Il titolo, Squid Game o gioco del calamaro si riferisce alla versione coreana di un gioco di strada che i bambini in tutto il mondo praticano, con nomi diversi. Solo in Italia si può chiamare campana, mondo, brucio e altri nomi a seconda delle regioni.
La vicenda parla di un mondo crudele e classista dove il ricco ha la facoltà di ottenere ogni cosa mentre il povero non può che sopravvivere di stenti.
I protagonisti di questa serie sono appunto 456 individui schiacciati dalla società in cui vivono; chi sommerso dai debiti di gioco, chi scappa dal crimine organizzato, chi non riesce a trovare un’occupazione… in sintesi chi non ha più niente da perdere, l’ultima ruota del carro.
Un’organizzazione misteriosa offre a questi sciagurati l’opportunità di vincere molto denaro partecipando, all’apparenza, a dei classici giochi per bambini come “uno, due, tre stella” o “tiro alla fune”, peccato che la posta in palio sia la loro vita. Il semplice scopo degli organizzatori del gioco è invece quello di intrattenere un pubblico di ricchi e deviati individui che si divertono a scommettere sulle vite dei giocatori.
Il paradosso che ha intrigato molti spettatori è il fatto che questi protagonisti, una volta dopo aver scoperto le disumane penitenze della competizione, ebbero la possibilità di scegliere di abbandonare il gioco, ma essi, mettendo sul piatto della bilancia le loro vite attuali e il gioco mortale, scelsero comunque la seconda. Da questa decisione ci fu una progressiva deumanizzazione dei personaggi, da prima spaventati e aberrati dalle molteplici morti di ogni gioco, ad arrivare a degli automi freddi e calcolatori capaci di sporcarsi le mani di ogni crimine per vincere.

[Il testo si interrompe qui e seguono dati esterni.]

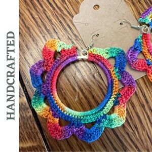 #HandcraftedJewelry #RainbowEarrings #CrochetAccessories #BohoStyle #FestivalJewelry #ColorfulStyle
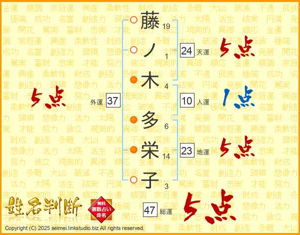藤ノ木多栄子さんの総運は47画の5点!
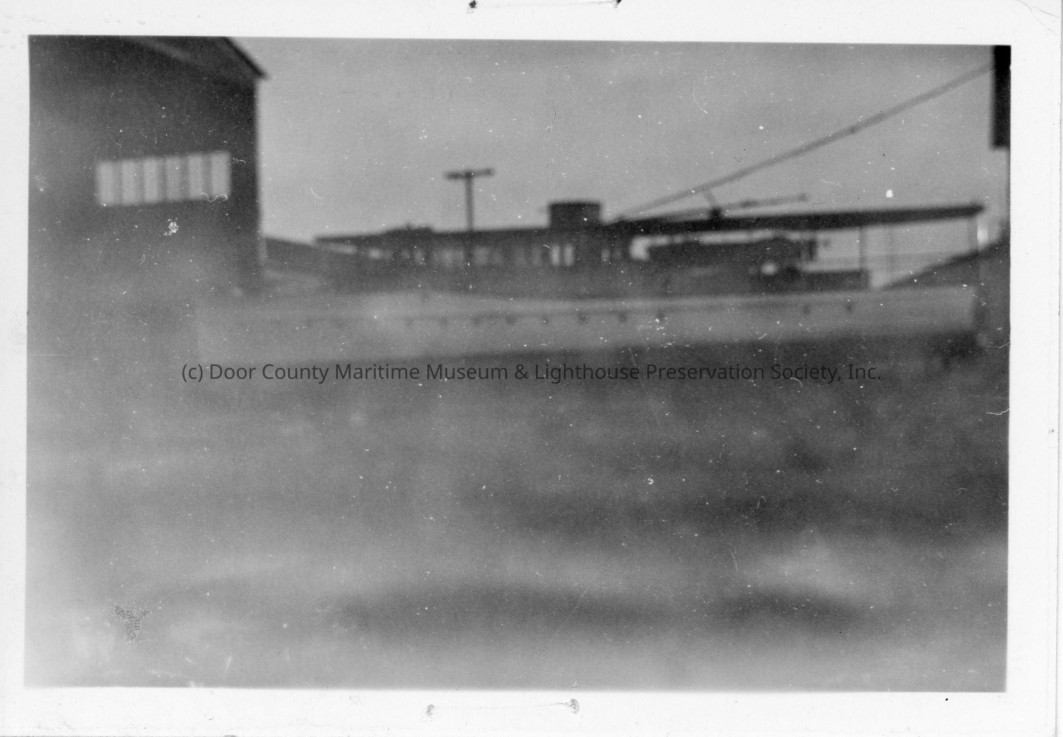 Foggy picture of vessel with 14 ports holes visible
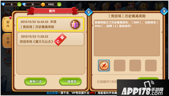 到达26级后,就可以开启风云榜啦。在风云榜中,云集了游戏中的各路英雄。选择你想PK的对象发起挑战,挑战成功就可以成功在排行榜上提升名次哦。名次越靠前,奖励越多。竞技场的奖励风云币会通过系统邮件发放到玩家的游戏账户中,记得提取哦~
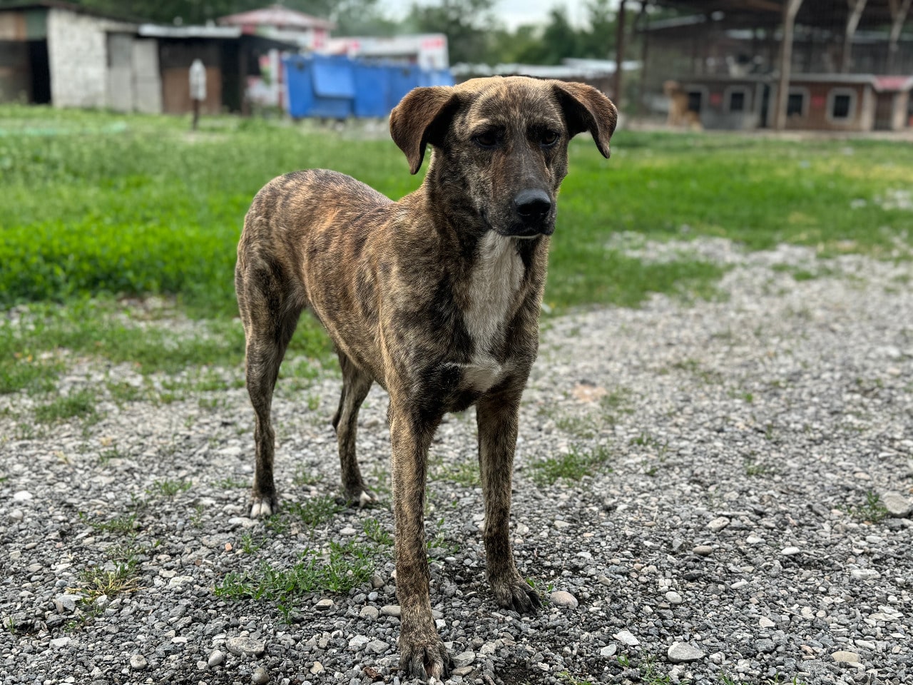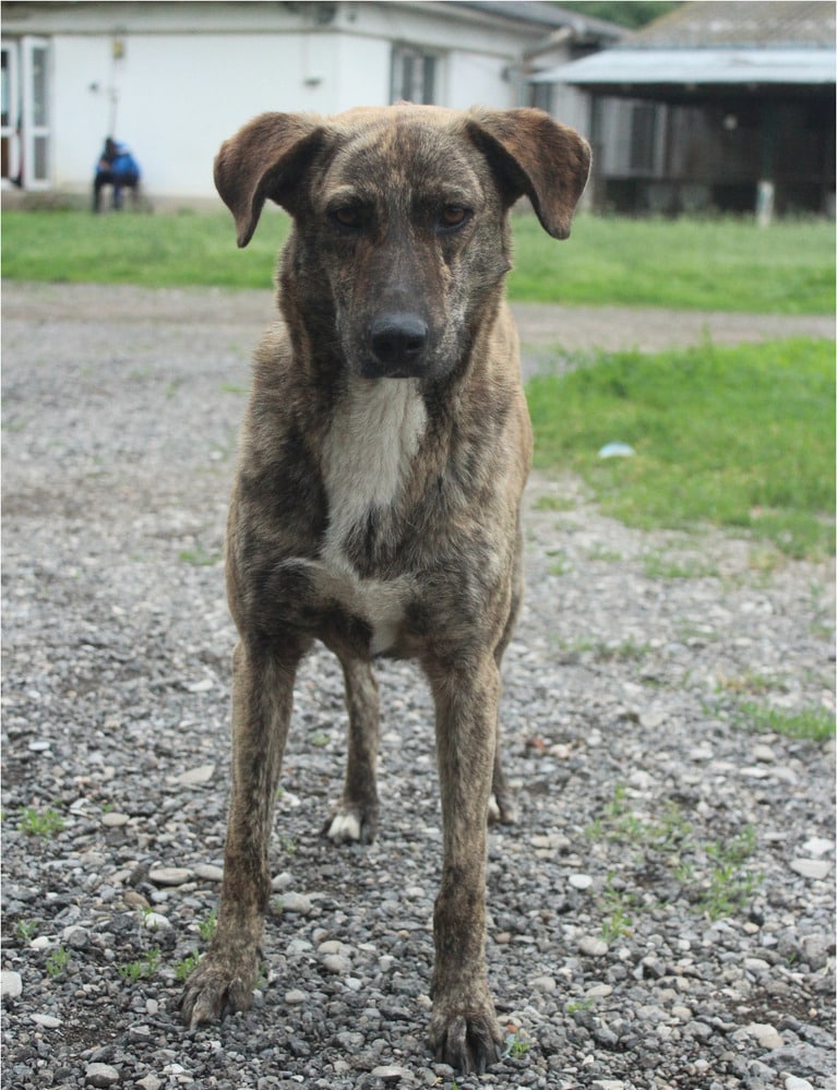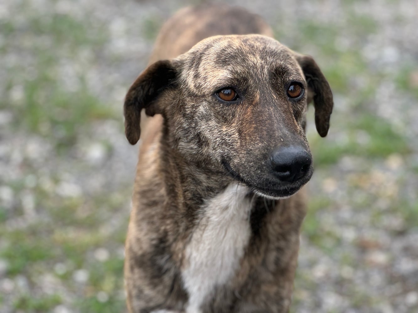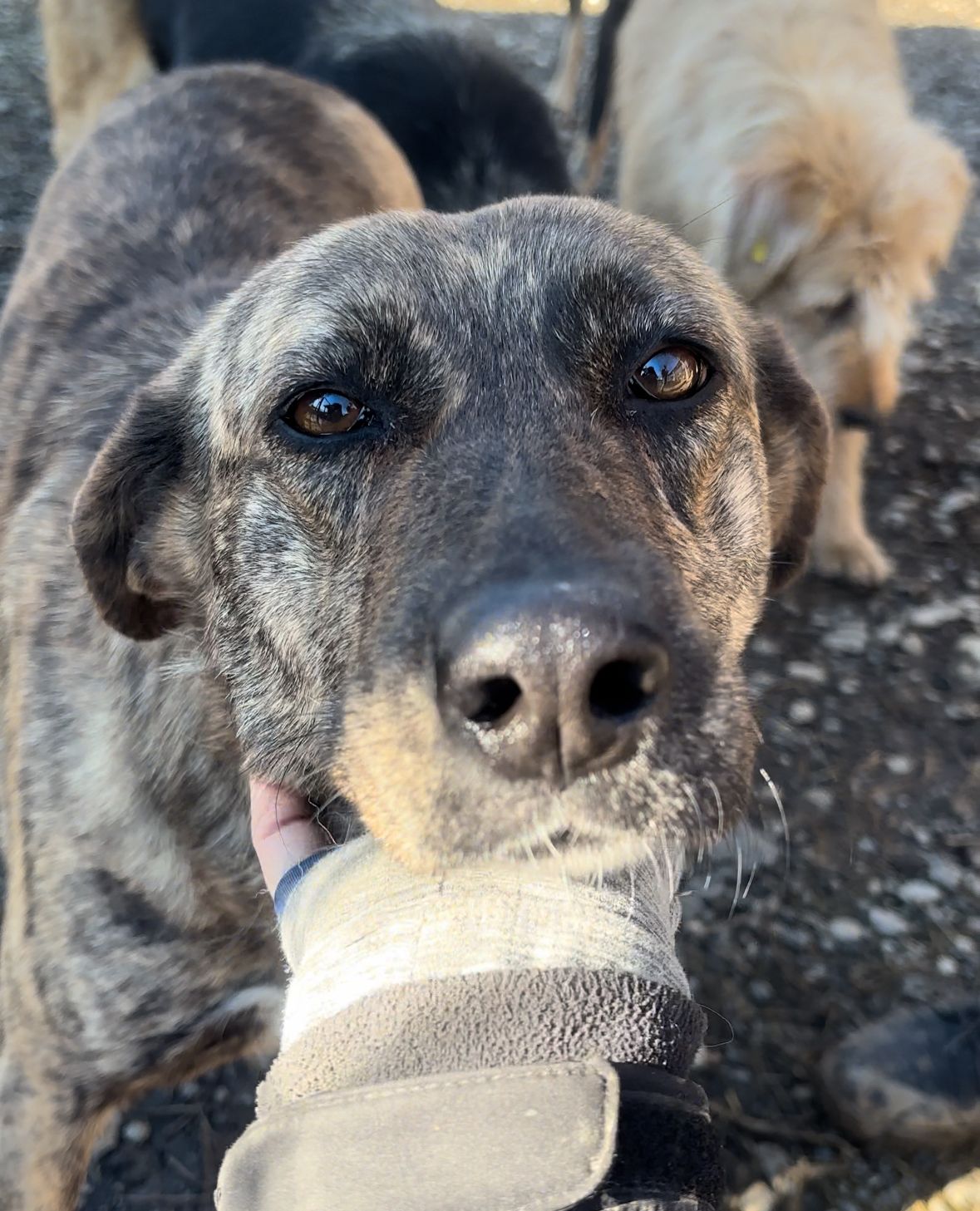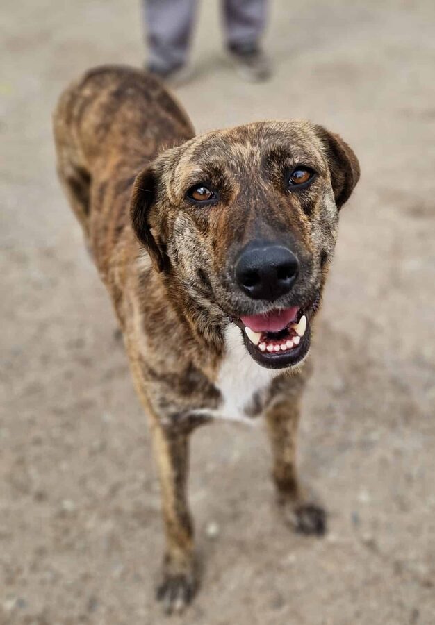 CLAIRE lebt im großen Shelter nun frei im Yard. Dort näherte sich uns die wunderschön gestromte Hündin mit der niedlichen Stummelrute ganz unaufdringlich und freute sich rührend über die Aufmerksamkeit, die Leckerlie und die sanften Streicheleinheiten. Mit den anderen freilaufenden Hunden zeigte sie sich souverän und verträglich.

La serie quindi spiega fino a che punto una persona disperata si possa spingere per migliorare le sue di condizioni di vita e quanto possa essere perversa e malata la mente umana. Denuncia anche il fatto che con una società così capitalista, chi non fa parte della classe dominante, non ha modo di decidere della propria vita, ecco che quindi questa realtà utopica della serie diventa una metafora della vita reale.